WHAT THIS TASK INVOLVES: The whole listing, exactly as given: write it out, leaving out each image.

DATA SHOWN:
□ □ □

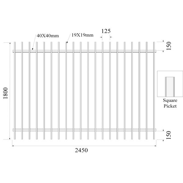 4. There are 17 vertical pickets 20x20mm with diamond crimped on top.
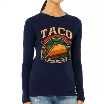 Taco Print Women’s Long Sleeve T-Shirt – Food Long Sleeve Tee – Cool Graphic T-Shirt
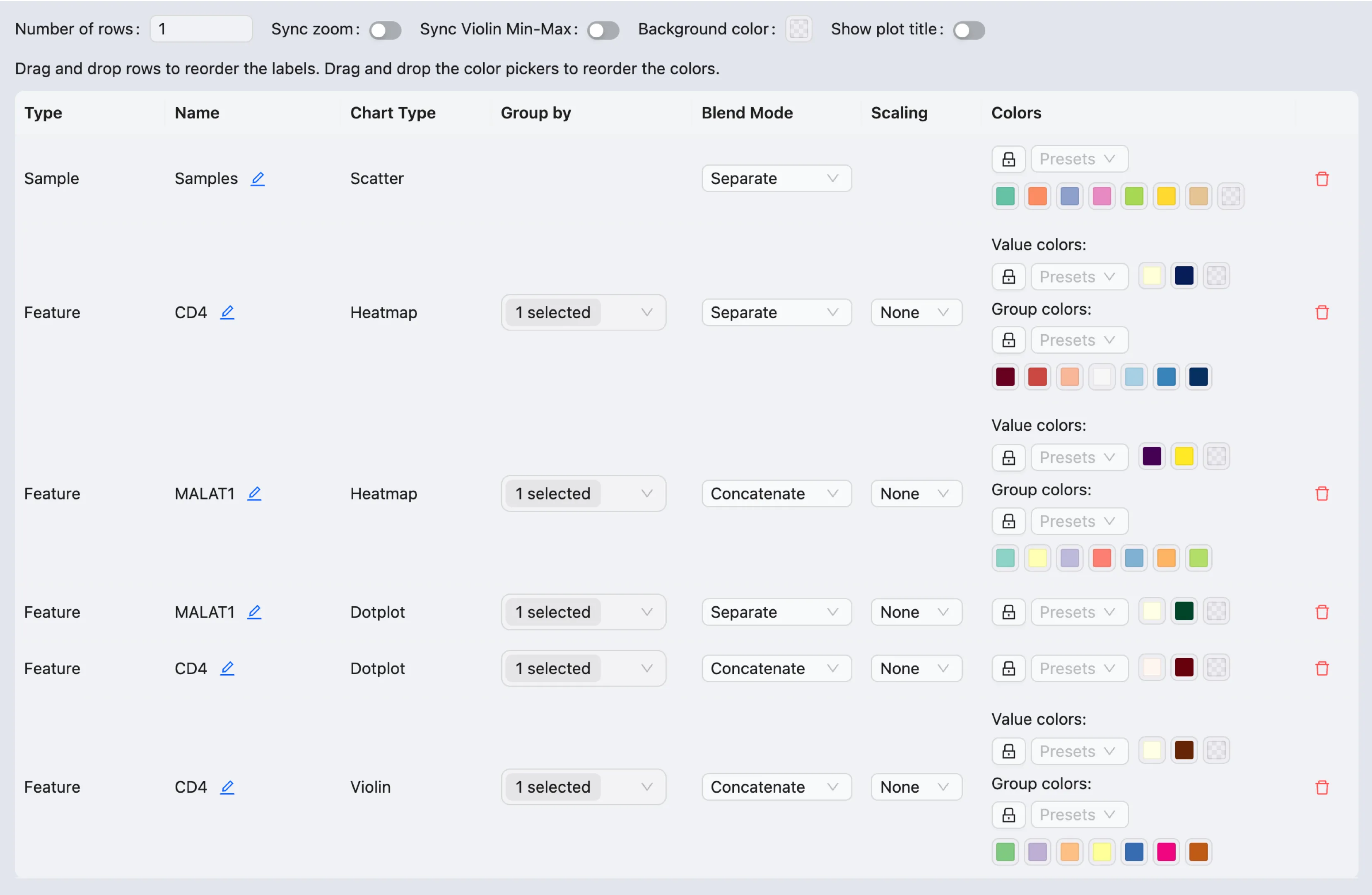 heatmap,dot plot, andviolin plot.Blend Mode: The blending mode used in the plot. The blend mode can be used to combine multiple plots into one visualization. See Blend Mode for details how to use blending modes.

□ □ □

SOLVED EXERCISE:
 4. There are 17 vertical pickets 20x20mm with diamond crimped on top.
 Taco Print Women’s Long Sleeve T-Shirt – Food Long Sleeve Tee – Cool Graphic T-Shirt
 heatmap,dot plot, andviolin plot.Blend Mode: The blending mode used in the plot. The blend mode can be used to combine multiple plots into one visualization. See Blend Mode for details how to use blending modes.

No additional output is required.